China allows its currency to drop for a third day
The Chinese exchange rate for the yuan fell over 1% overnight even as Peoples’ Bank of China (PBOC) officials tried to stem the decline with verbal and monetary support.
At a news conference in Beijing, he also said that the yuan – also known as the renminbi – was close to “market levels” after two days of substantial declines.
Yi Gang, deputy governor of the central bank, said it stood ready to step in if volatility became “excessive” and the market started “behaving like a herd of sheep”.
ANALYST VIEW: The Chinese central bank’s “opaque communications policy may well have led to panic over-selling earlier in the week”, Angus Nicholson of IG markets said in a commentary.
Thursday’s yuan guidance rate was set 1% down, a smaller margin than the shock cuts earlier in the week.
Then there’s the chance that other countries will adopt copycat devaluations to help their exporters compete with China, thereby igniting a currency war that disrupts global trade.

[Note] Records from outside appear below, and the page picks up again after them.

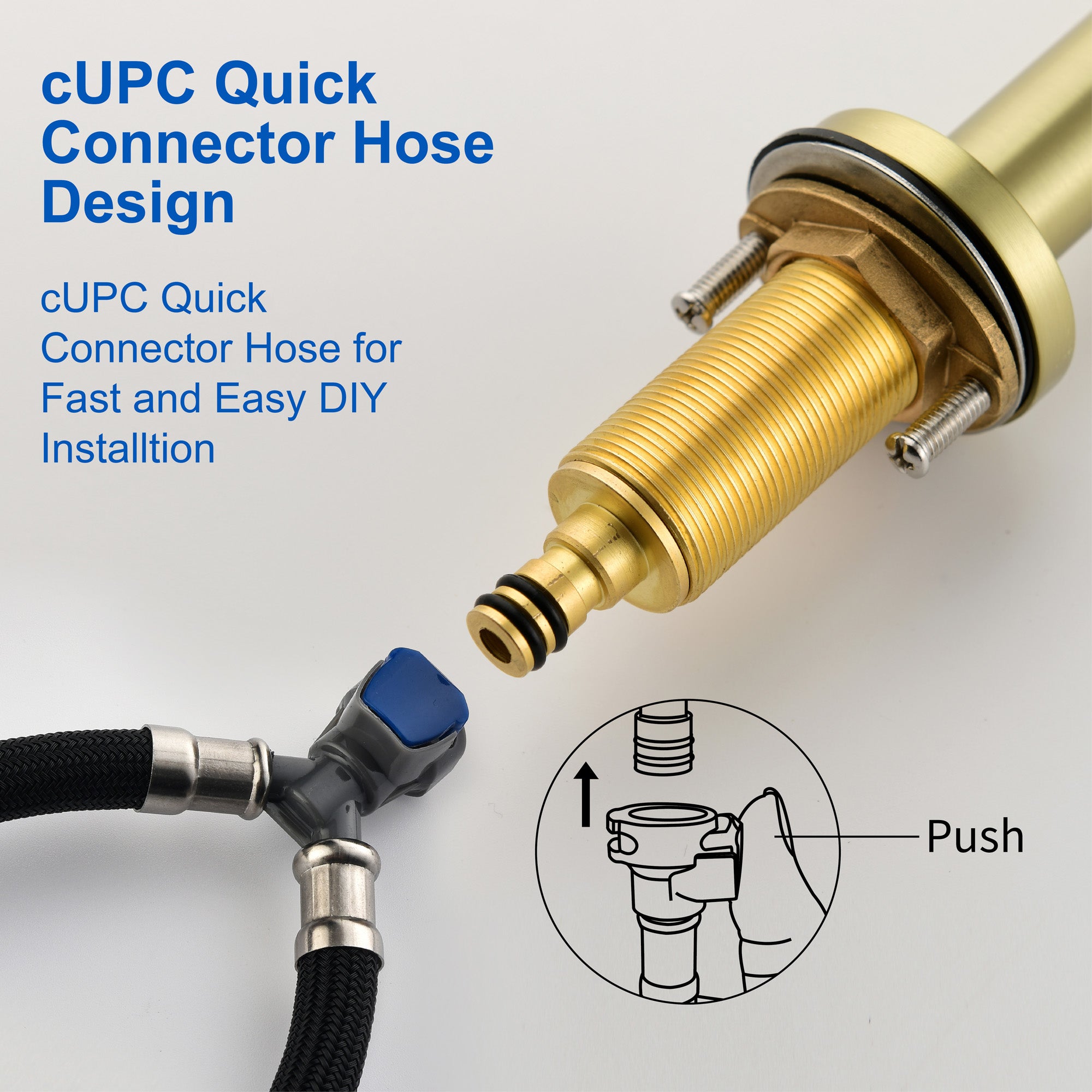 - Great design Quick-connect hose ensuring fast and easy DIY installation; Also come with 50CM stainless steel braided hot & cold water supply hoses(Certificated by cUPC) with US standard 9/16-24 UNEF connector, easy to connect to your stop vales.
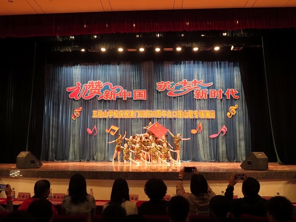 在中華人民共和國成立70周年之際,我們迎來了澳門回歸二十周年的偉大日子。為了營造濃厚的校園愛國情懷和客家文化氛圍,進(jìn)一步豐富校園客家文化、加強(qiáng)校內(nèi)外客家文化的交流、更好地傳承并發(fā)展客家文化。五桂山學(xué)校在文化中心舉辦了以“禮贊新中國 筑夢(mèng)新時(shí)代”為主題的慶祝澳門回歸20周年白口蓮山歌專場(chǎng)演出。出席觀看演出的嘉賓有:五桂山團(tuán)工委書記陳惠宜、五桂山婦聯(lián)專職副主席謝惠清、五桂山教育事務(wù)指導(dǎo)中心吉婷老師及各村主管教育的領(lǐng)導(dǎo)等。五桂山學(xué)校陳玉玲副校長等行政及4至6年級(jí)的師生觀看了演出。
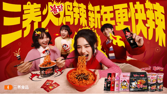 三养食品此次精准捕捉并融入了春节背后的文化内涵与情感需求。洞察到春节对现代人而言,既是从全年忙碌中暂停休整的节点,更是与家人亲友相伴的温暖时刻。从节前“提前囤点过年吃”的筹备心态,到节中“换换口味解腻”的互动需求,三养食品要让火鸡辣味成为贯穿不同场景的情感纽带。节前,一抹够劲的“辣”成为年轻人放松身心的快乐宣泄;节中,火鸡辣味则化身为拜年聚会的餐桌话题,无论是年夜饭的创意搭配还是朋友欢聚的增味佐料,都成为促进分享、点燃气氛的社交催化剂,强化“辣味”与“热闹团圆”的情感关联。
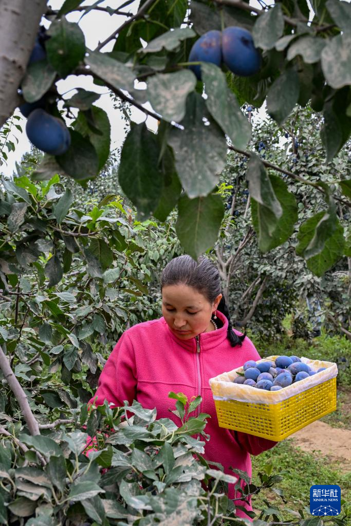 9月4日,农民在新疆昆玉市老兵镇一家种植园内采摘西梅。
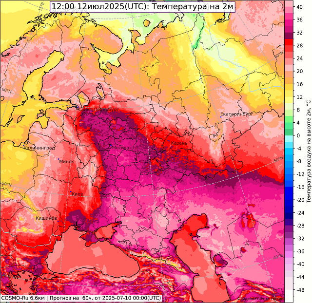 12 июля. Переменная облачность. Ночью без осадков, температура в Москве 20...22° (в центре города 24...26°), по области 17...22°. Днем местами кратковременный дождь, сильная жара, температура в Москве 33...35°, по области 30...35°. Ветер юго-восточный 5-10 м/с.
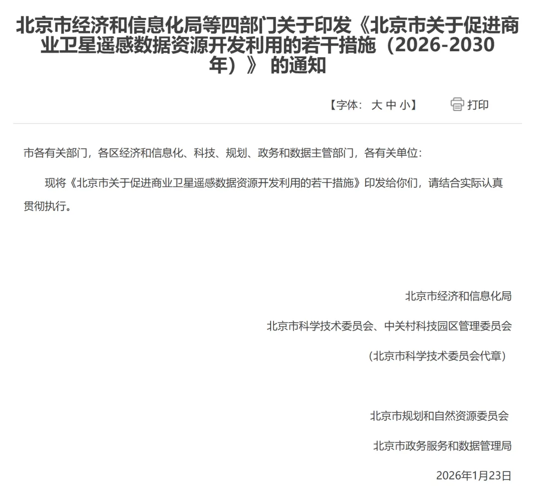 1月23日,北京市经济和信息化局等部门联合印发《北京市关于促进商业卫星遥感数据资源开发利用的若干措施(2026-2030年)》,推进商业卫星遥感数据资源(简称“遥感数据资源”)开发利用,打造天地一体、应用牵引、数智融合的卫星应用服务创新高地,催生一批遥感数据新产品、新服务、新业态。
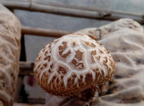 7.巧育花菇:在保证棚内昼夜温差达10℃以上、空气湿度在70%以下的同时,注意加强通风和避雨避雾。花菇生长期,遇到1~3级微风天气,昼夜揭膜通风;从菇蕾直径2厘米至采收结束,晴天白天和晚上揭膜,加大昼夜温差和通风量,促使花菇形成。此外,在冬季和早春,晴天白天揭膜,让阳光直接照射花菇,可增加花菇白度,提高花菇等级。低温天气,晚上要盖上薄膜。
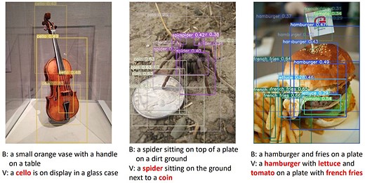 VIVO pre-training aims to learn a joint representation of visual and text input. We feed to a multi-layer Transformer model an input consisting of image region features and a paired image-tag set. We then randomly mask one or more tags, and ask the model to predict these masked tags conditioned on the image region features and the other tags … Extensive experiments show that VIVO pre-training significantly improves the captioning performance on NOC. In addition, our model can precisely align the object mentions in a generated caption with the regions in the corresponding image.
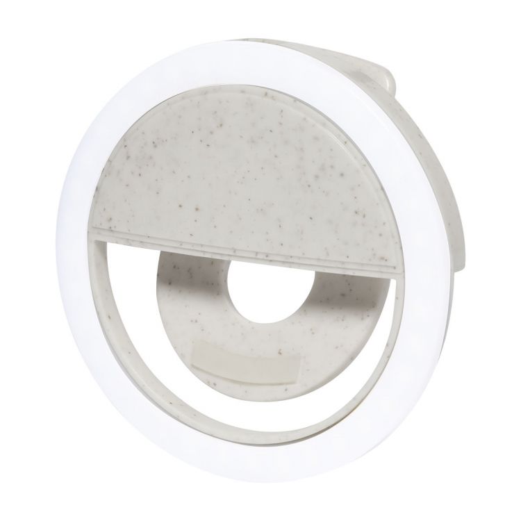 Ecological wheat straw plastic selfie ring light with 36 LED for mobile phones. With 3 adjustable brightness levels and built-in rechargeable battery. Including USB charger cable, in neutral color
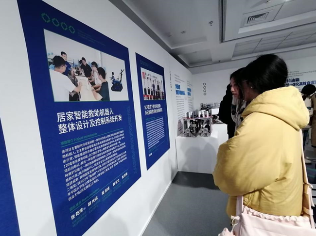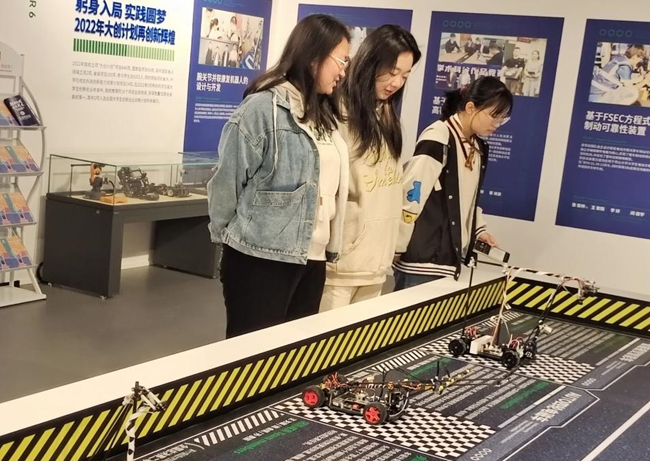参观过程中,同学们好奇于优秀作品精妙复杂的设计理念,惊叹于作品背后严谨科学的创新精神,感动于学校师生创新创造的进取精神。

Japan’s Nikkei Stock Average was about flat, while Australia’s S&P ASX 200 was up 0.2%.
Banking sources said the People’s Bank of China had stepped up its intervention in yuan trading in a bid to stabilise exchange rates. Oil fell 0.4 percent, while nickel headed for a 2.3 per cent loss since August 7. But on Tuesday it moved the fix by 1.9% and said in future that it would base the fix on the previous day’s market rate rather than its own judgement.
But the Chinese central bank argued that its goals were more mundane than manipulating exports and growth.
Tuesday’s devaluation followed a run of weak economic data and resulted in the biggest one-day fall in the yuan since 1994, raising market suspicions that China was embarking on a longer-term depreciation of its exchange rate that would make Chinese exports cheaper.
China’s rivals see it as a way to boost exports and prop up the market.
China keeps a tight grip on its currency on worries sudden fund outflows or inflows could cause more financial risk and challenge its control, but it has also pledged to move towards more flexibility. “They’ll get some relief on costs, and these companies will likely welcome the drop in China’s currency”, he said.
China’s decision to move from a pegged exchange mechanism to a managed-float system has partly been driven by the strengthening US dollar, the currency to which it has historically been pegged.
Emerging market currencies including the Indonesian rupiah, Philippine peso and South Korean won rose slightly against the dollar after China yesterday trimmed its yuan reference rate 1.1 percent.